Some fresh jalapeños. From López-Dóriga Digital.

The suffix -eño makes nouns and adjectives out of place names (for example isla, “island” becomes isleño, “islander”). It evolved from -ineus, a Greek and Latin adjectival suffix that indicated material or color. In Vulgar Latin it transformed to -ineu, then -eniu -> -enyo -> eño en Spanish.

As a result, “Jalapeño” (also written “Xalapeño”) is someone or something from the Mexican city of Xalapa, Veracruz.

As I’ve shown previously in this series, “x” in 16th-century Spanish was pronounced [sh] (and was used to represent that sound in Indigenous Mesoamerican words as well).
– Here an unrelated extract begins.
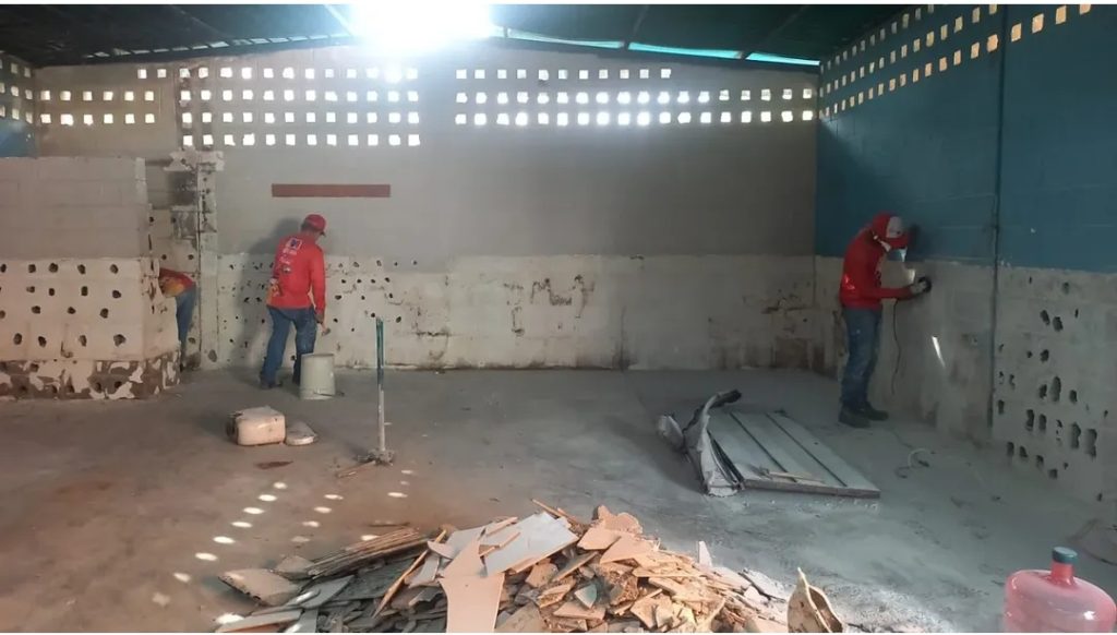 Es importante mencionar que se esta realizando el desmontaje de techo, demølición del antiguo incinerador, remoción de cerámicas en paredes y de piezas sanitarias, botes de escombros desinstalación de tuberías y más.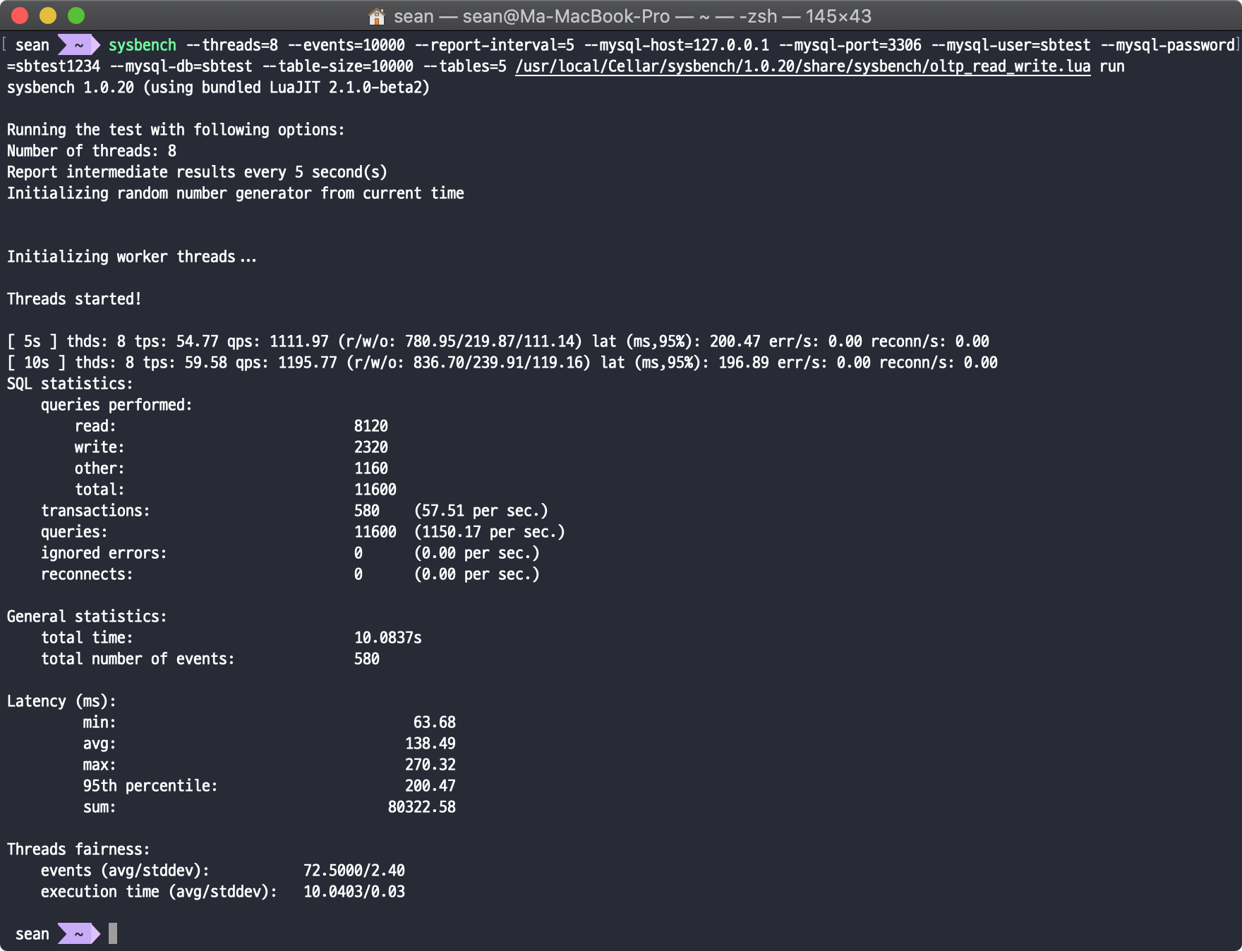 sysbench --threads=8 --events=10000 --report-interval=5 --mysql-host=127.0.0.1 --mysql-port=3306 --mysql-user=sbtest --mysql-password=sbtest1234 --mysql-db=sbtest --table-size=10000 --tables=5 /usr/local/Cellar/sysbench/1.0.20/share/sysbench/oltp_read_write.lua run |

“J,” which in Medieval Spanish was pronounced like the “z” in “azure,” had also pretty much shifted to [sh] by the Conquest. But the [sh] sound became /x/ (a hard [h] like Scottish “loch”) by the end of the 1500s.

That’s why we don’t say “shalapeño.”

Xalapa is from Nahuatl “xālāpan.” It has three elements:

  • xālli -> sand
  • ātl -> water
  • -pan -> suffix used in place names (“beside”)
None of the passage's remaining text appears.